Also, I want to apologize for being sporadic on the forum, here.  Too much life getting in the way of living!

Sorry about your sister Lupus is rough.

Alex

Gosh Lupus can be just as difficult to dx as MS, probably more so. I so get "She wasn't tearful when she called, it sounded more like a big sigh - just letting out the breath" after 25yrs of so much going on and not having a name for it, must of been a big sigh!

Hugs to you and yours..........JJ

Sorry to hear about your sister. I'm sure you have worried about her as well. I am glad they finally figured out what is causing her problems so she can get to her new norm.
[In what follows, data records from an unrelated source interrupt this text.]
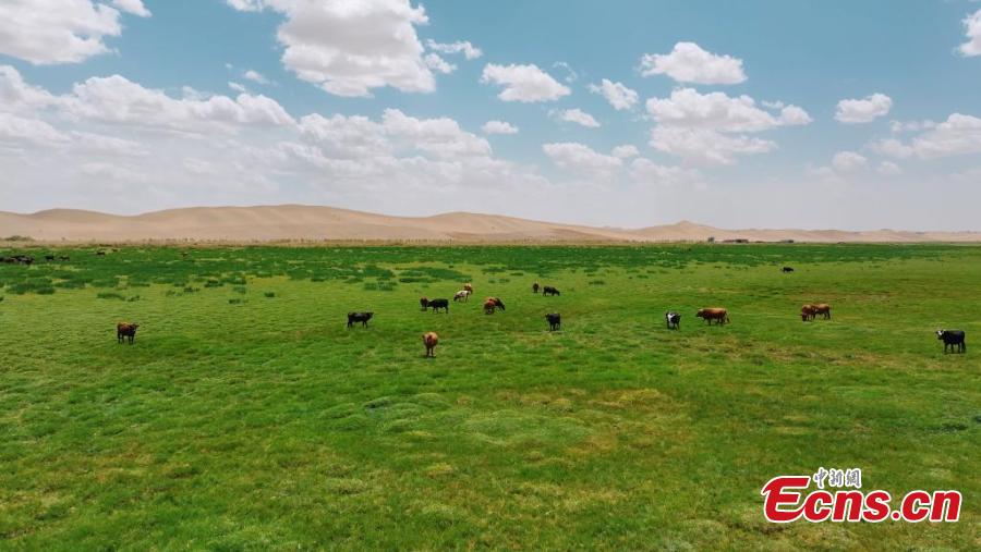 Cattle and sheep graze leisurely on green pastures in the Badain Jaran Desert in Alxa League, Inner Mongolia Autonomous Region in June. (Photo: China News Service/ Zhang Leyuan)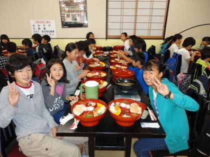朝早く出発した子供たちは、お腹ぺこぺこのようでした。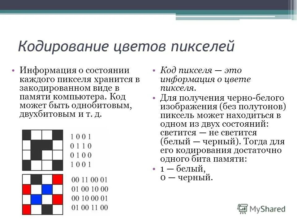Цвет пикселя изображения кодируется.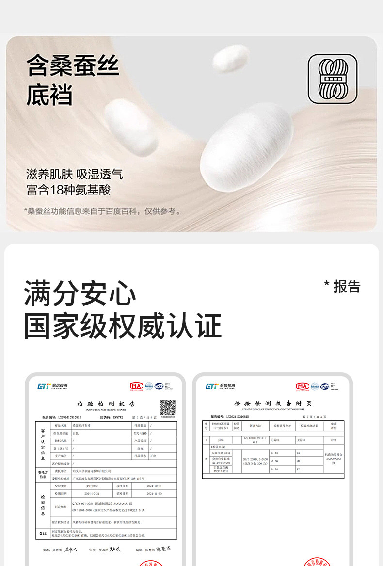 | 襠部材質成分 | 粘膠纖維(粘纖)88.9% 桑蠶絲4.6% 聚氨酯彈性纖維(氨綸)4% 聚醯胺纖維(錦綸)2.5% |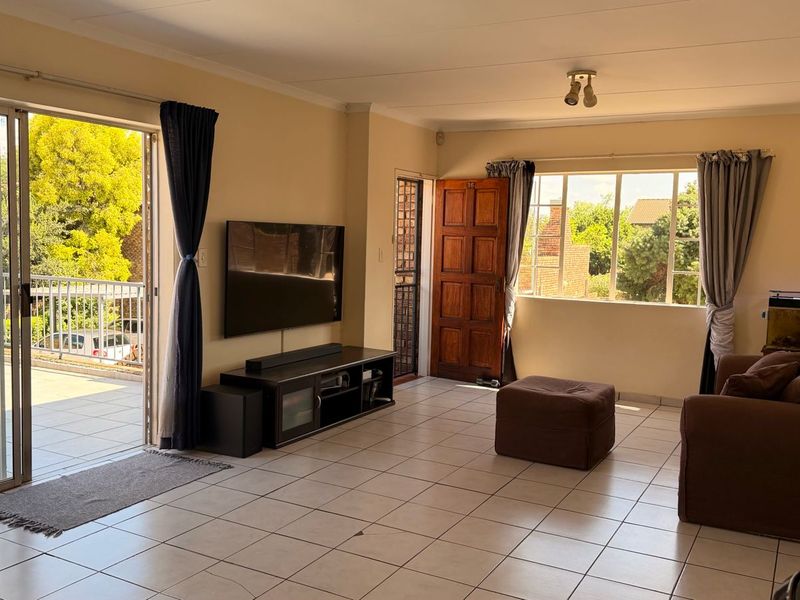 Live conveniently near Waterkloof High, Irene Village Mall and Rietvlei Nature Reserve — open-plan simplex with balcony, double garage and 5kW solar system for low-cost living.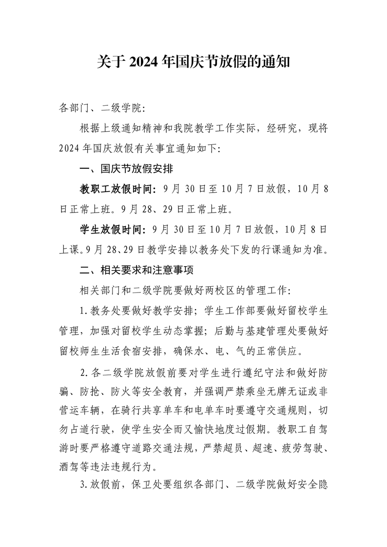 关于2024年国庆节放假的通知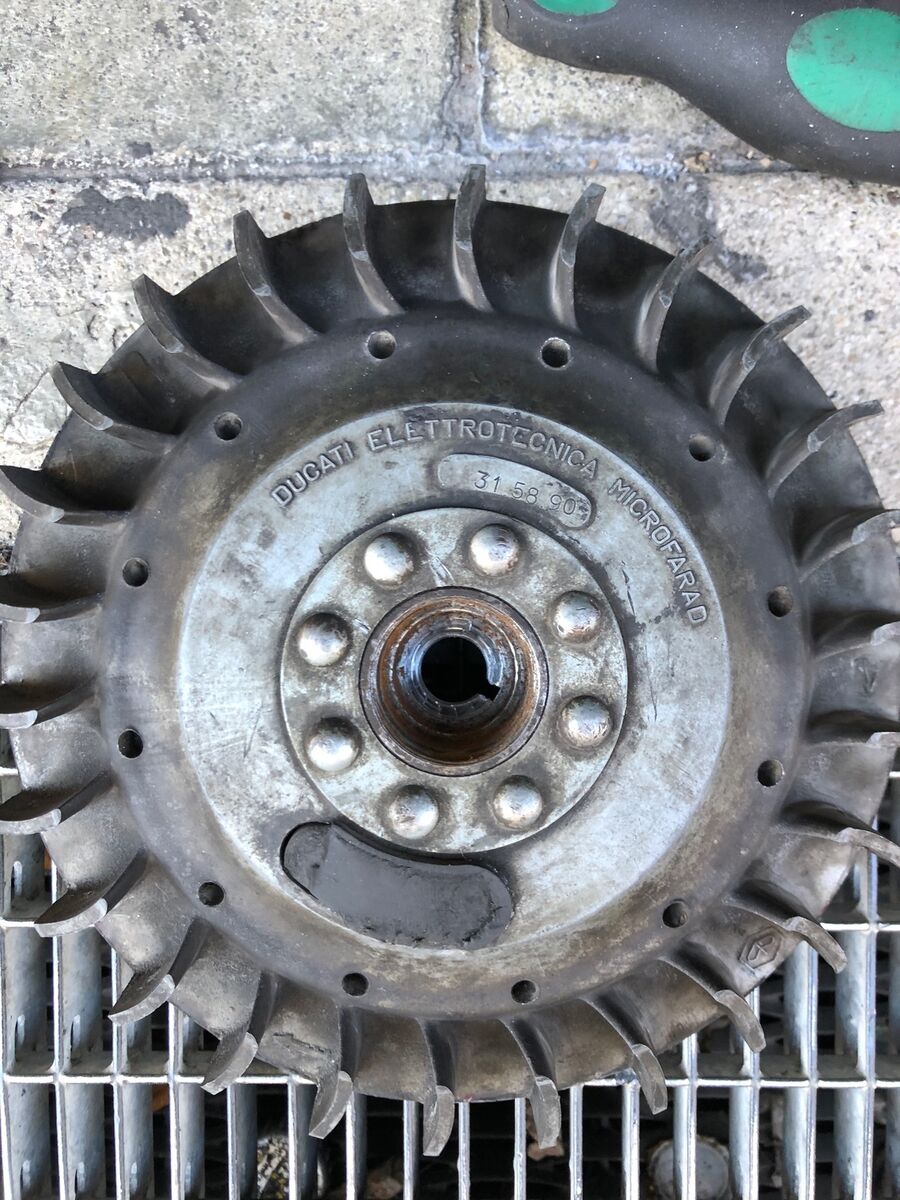 Anders als SCK schriebt ist das kein "originales" Ducati-Polrad, sondern eine indische Kopie , die abgedreht wurde (weil es in unverändertem Zustand zu schwer ist...)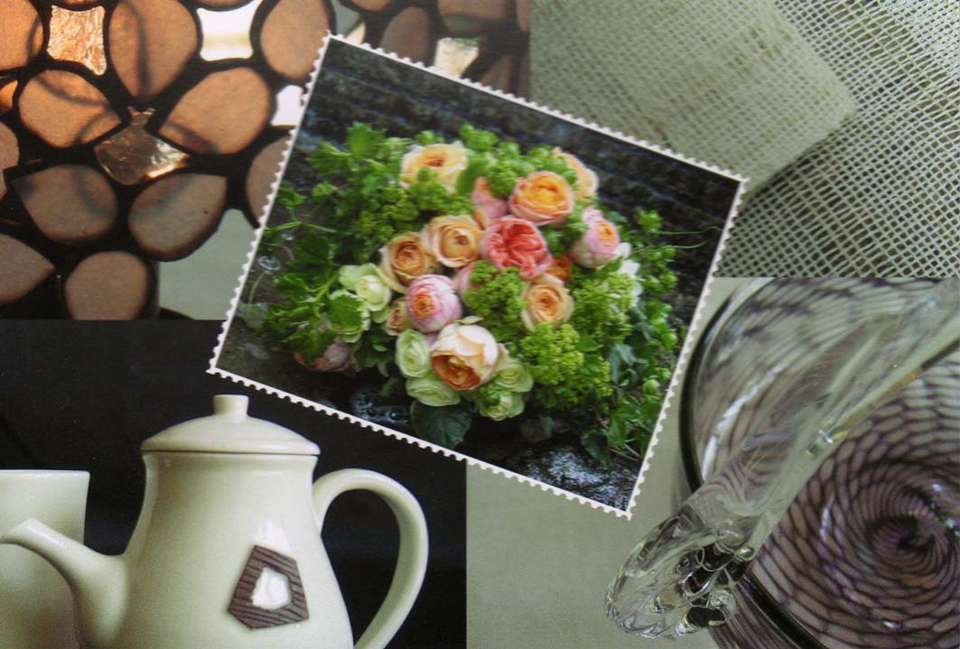 クミンさんのアレンジフラワー他、染、白磁、吹きガラス、ステンドグラス、木工 と興味をそそられる素材のお品ばかり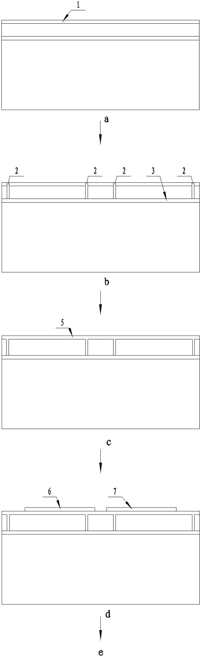 b、采用深硅刻蚀工艺在SOI衬底正面加工两个矩形环路状的隔离槽(2),所述隔离槽(2)以SOI衬底的隐埋氧化层(3)为底,两隔离槽(2)横向并排设置,在SOI衬底正面划分出了两个热电偶加工区(4),且两隔离槽(2)间留有后续加工用空间;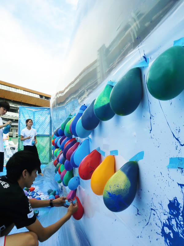 バスに取り付けたインクの入った水風船を、みんなが蹴ったボールでドンドン割っていきバスにインクでペイントをしていきます。
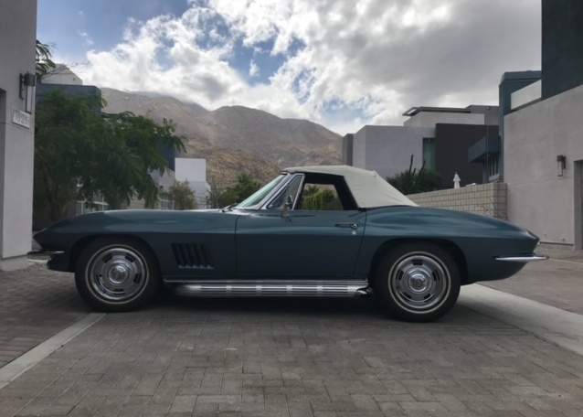 Some cars are bought to add to a collection and are never driven. Some cars are bought to drive, they make it to Cars and Coffee on the weekends, they do parades, they are admired, honked at and constantly get the 'thumbs up'. People stop you to tell you the stories they have when they had the same car. That is this car, it's a solid driver. The car had a bunch of maintenance and minor restoration done in 2016, then it was parked and driven occasionally with extreme pleasure. This is a fast and fun car to drive, the side pipes are an added bonus of great sounding American muscle. The car is currently kept covered in air-conditioned garage in Palm Springs. This 1967 Chevrolet Corvette soft top convertible is powered by a replacement 327/350hp V8 with side pipes, paired with a four-speed manual transmission. This is not a number matching car, the CE number that is CE6N21012. The white soft top is in great shape, the top framework articulates up and down smoothly and the weather stripping was renewed in 2016. In 2016 the whole car was gone through and freshened up. Not much is known about the history of the car, although originally it was an East Coast car, and at some point somebody paid good money for a repaint from Rally Red to Lynndale Blue and change the red interior to black. The paint is in good shape and shines up incredibly nice, there are the typical signs of a car that is driven- there are some chips, small random area of light paint bubbling and very small and minor cracking in one area in drivers side rear. This car did not originally come with, nor does it now have air conditioning or power steering. All chrome and body pieces, both interior and exterior are in place, functional and look fantastic. Work done in 2016: o New window seals, tracks and cranks o New correct rear valance replacing the broken and original valance for straight pipes o New tires New ignition shields/chrome New Holley 4160 carburetor o New engine and heater hoses o New turn signal collar and mechanism o New turn signal switch o New gas tank sending unit and gaskets o New intake manifold bolts o New hood hinge bolts, springs and retainers o New hood release cables o New seat bushing, track rollers, screws, bolts and knobs o New firewall grommets New washer pump valve kit o New temp sending unit o Most of the interior screws have been replaced with the correct new screws o New seat back levers o New door locks set o New door knobs o New shifter boot, plate and ashtray cover o New headlight knob and rod o New expansion tank straps o New Top header front and side weatherstripping and fasteners

Sending ripples of good thoughts across the miles.

Ren

Well, we keep repeating here that lupus is just as difficult to diagnose as MS and here's some proof I guess.  I don't know why so many docs see one negative ANA and cross it off the list.  This is SLE then?  I sure hope they can apply the brakes to her disease process G-girl.

She should do fine with Praquenil.  I started taking it myself toward the end of last summer when it was determined my immune system had developed and launched a second auto-inflammatory disease attack.  I don't have an exact name for what's bothering me but the idea is to preserve integrity and function rather than wait for more to appear.  

The idea of needing Plaquenil is as difficult to embrace as my need for Copaxone.  There's no good measure for how effective it is or if its even doing anything AT ALL.  I swallow one pill down with faith in the mornings and another with hope each evening believing they are doing Something to protect me.

Sure hope your little sister can relax into living life with lupus now that she doesn't have to listen to that Big Question buzzing around so loudly inside.

Mary

I'm glad to hear that she has answers . . .  This has got to be a relief to know what it is and start medicine to actually do something about it.  My sister and I both have autoimmune diseases, too.  

I'm glad they were able to pin down a diagnosis for her with the Lupus. And that she doesn't seem to be too overwhelmed by the news just, yet.  Now she has her big sister to help her cope thru a chronic disease. Although, with her other ailments, I'm sure she's fairly good at that already.

Autoimmune diseases run in my family, too. And my mom had hemochromatosis, my older brother has it, and I have the gene mutation for it, and am on the fence for it base on my labs.  

So sorry snout your sister's Lupus. Ibet you will both be a great support system for each other.
Be well,
Deb

I'm so sorry that your family is going through so much, but grateful that all of your questions are finally being answered.

It sounds like it is hard to diagnose. I am already DX'ed with MS but have had both negative and positive ANAs, and I get the butterfly rash, so they are "keeping an eye on it" whatever that means.

I don't know how Lupus treatments work, but I'm praying that your sister will finally be able to have some good days now that she is diagnosed and on meds.

Hiya, sorry to hear about your sister's diagnosis. I think we can all relate to the 'sigh' thing as it's often such a relief to get a definite answer. I'm quite interested in the family link with autoimmune diseases. My dad had psoriasis & I have MS and my cousin has lupus. I hope your sister does well on her treatment. All the best to you

Sorry to hear about your sister, but glad she has some answers now! I will be keeping my fingers crossed treatment goes well!